In 2016, Daniel Dewar and a friend founded Paperchain, a company that planned to use Blockchain technology in order to more accurately allocate the mechanical royalties that on-demand streaming services like Spotify owe music publishers. A laid-back Australian with a background in sound engineering and data analytics, Dewar figured that services could use Blockchain to validate their rightsholder information against an authoritative database.

Then he realized: there wasn’t one. The lack of such a database is what made it so hard to account correctly in the first place.

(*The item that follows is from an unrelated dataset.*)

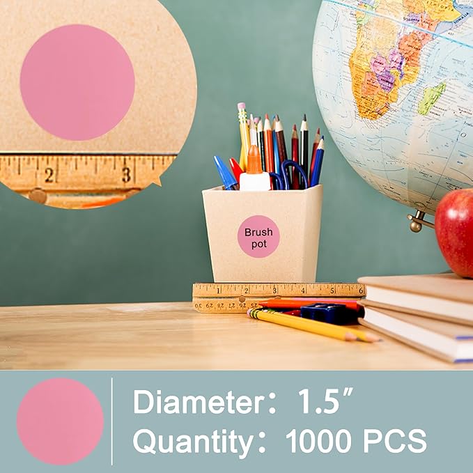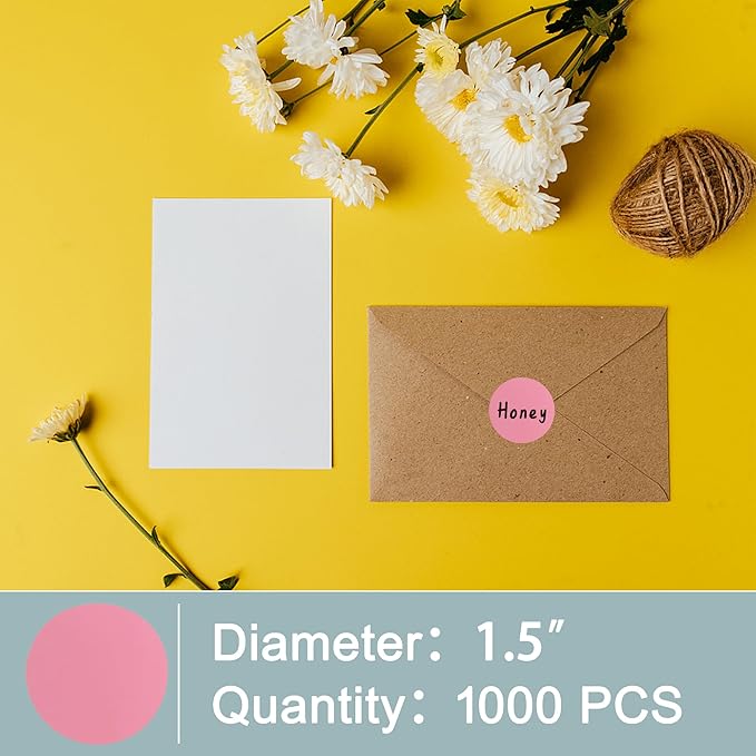 Hybsk 1.5 inch Circle Color Direct Thermal Stickers Shipping Labels for Barcodes,Name Tag,DIY Logo Design,Inventory– Compatible with Zebra,Rollo,Munbyn,and More-1000 pcs (1.5 inch,Pink)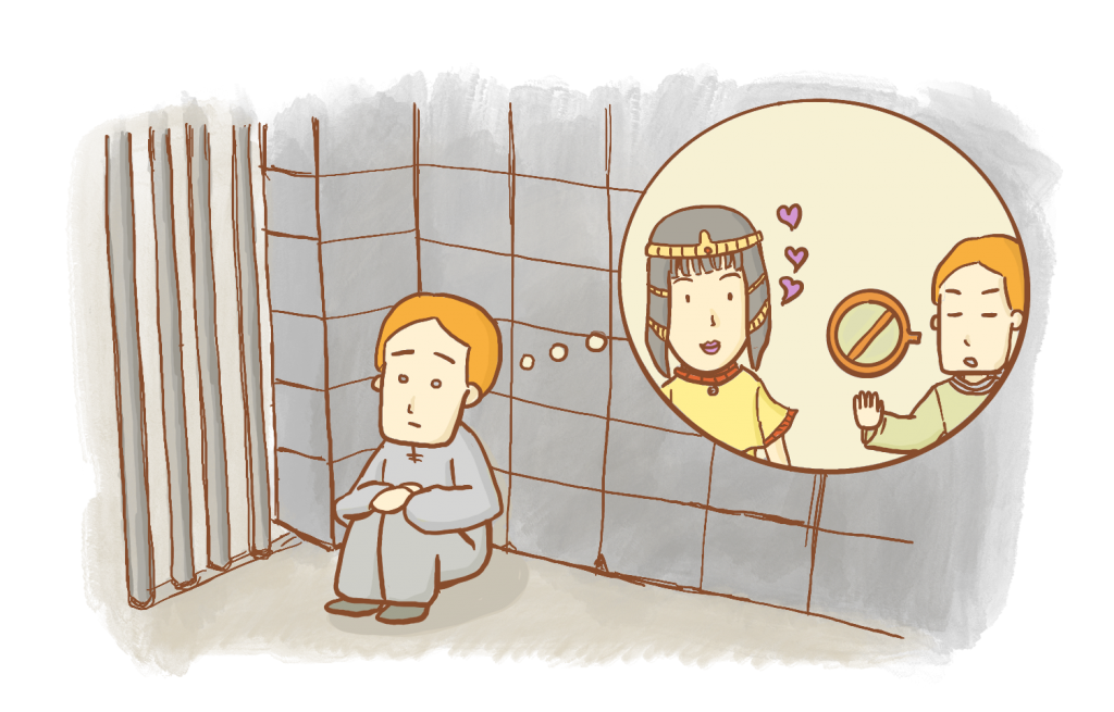 요셉은 감옥에서 풀려나는 신하에게 자신이 억울하게 감옥에 갇혀 있으니 도와달라고 부탁했어요. 그런데 안타깝게도 술을 관리하는 신하는 감옥에서 풀려난 후 요셉의 부탁을 잊어버렸습니다. 요셉은 얼마나 슬펐을까요!

From the beginning, the inability of streaming services to accurately pay rightsholders represented an existential risk for streaming as a business model: Spotify and other companies could be liable for between $750 and $150,000 in statutory damages for each composition they stream without a license. Then it became an even bigger mess. After Spotify got hit with a class-action lawsuit – which it eventually settled for $43.45 million – streaming services began filing Notices of Intention (NOIs) with the U.S. Copyright Office for songs whose rightsholders they couldn’t identify or find. That’s what they were supposed to have done all along – doing so shields them from liability – but paying a filing fee for each notice would have added up. Once the U.S. Copyright Office changed the rules and began charging per spreadsheet instead of per composition in 2016, however, services began filing NOIs in bulk. By the end of 2017, more than 50 million NOIs had been filed – some for well-known songs like the Beach Boys hit "Surfer Girl." (It’s by Brian Wilson!) Even by music business standards, this is nuts.

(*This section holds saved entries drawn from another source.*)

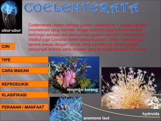 Coelenterata, atau cnidaria, adalah invertebrata yang memiliki rongga tubuh untuk pencernaan dan terkenal dengan sel penyengat pada tentakelnya. Terdapat dua fase utama dalam siklus hidupnya, yaitu polip (aseksual) dan medusa (sexual), serta dibedakan menjadi tiga kelas: hydrozoa, scyphozoa, dan anthozoa. Coelenterata memiliki peranan penting dalam ekosistem laut sebagai sumber makanan dan habitat bagi spesies lain.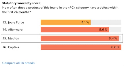 «Statuary warranty score» shows how often a type of product from a given brand was defective within the first 24 months after purchase. Just under 6.4 per cent of Medion PCs, for example, end up in warranty claims within two years, while the rate for Apple computers is 0.8 per cent. «The warranty score is a good indicator of product quality,» Zara says. «Now, for the first time, consumers have access to reliable statistics on defects to complement their own gut feeling as well as reviews by experts and other customers.»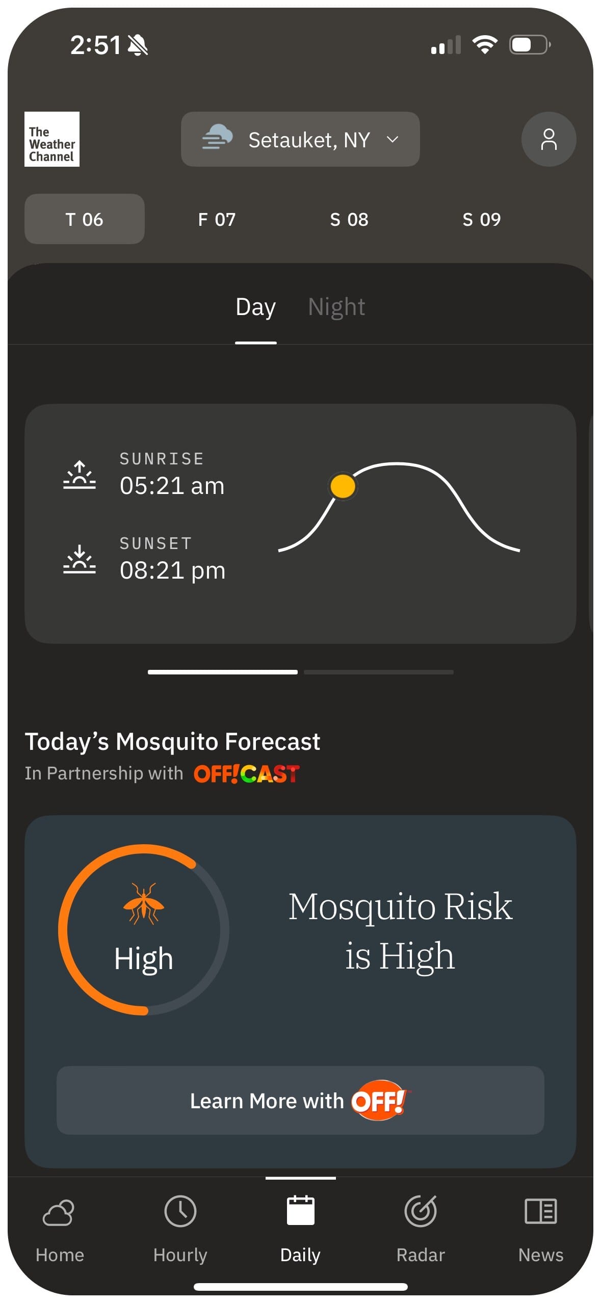 - The OFF!Cast tool will also be visible in The Weather Channel app’s new experience on iOS. Check out the Daily tab and Outdoor Activity tabs for camping, hiking, golf and gardening for an at-a-glance risk level – low, medium, high, very high, severe – of mosquito activity based on local weather conditions for today and the days ahead.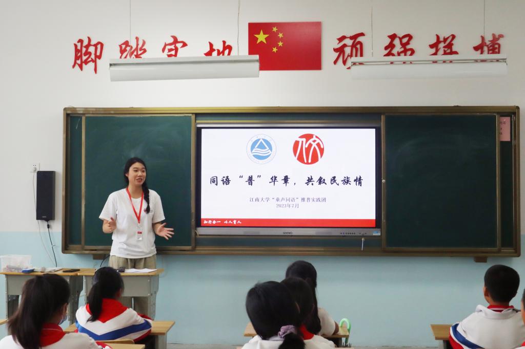 “童声同语”推普实践团前往新疆伊犁州霍城县江阴小学开展“推普助力乡村振兴”社会志愿服务活动。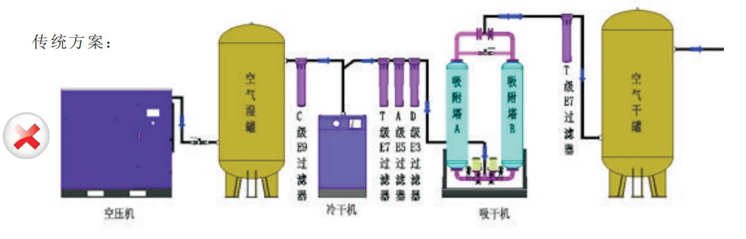 傳統(tǒng)方案(過濾器+冷干機+雙塔式吸干機)

By the end of 2016, Dewar changed Paperchain’s strategy. Rather than help streaming services identify rightsholders, the company would help rightsholders sort through the NOIs to find money they were owed. He wrote a program to download and query the NOIs filed with the Copyright Office, then began to study how much money all of these NOIs represented. What he found was that, although streaming services aren’t doing a very good job of matching compositions with rightsholders, the number of NOIs don’t reflect the number of compositions for which rightsholders aren’t being paid. Spotify was sloppy enough that Wixen Music Publishing filed a lawsuit for the service’s unlicensed use of music by Tom Petty, Neil Young, and other household names, and a smart intern ought to know who wrote some of the songs the service infringed. But services also seem to be filing NOIs for compositions they’re also paying for: Although Spotify filed an NOI for Ed Sheeran's "Perfect," Sony/ATV Music Publishing confirmed that the service had been paying for its use of the song. “It’s a misnomer that Spotify can’t find Ed Sheeran,” Dewar says.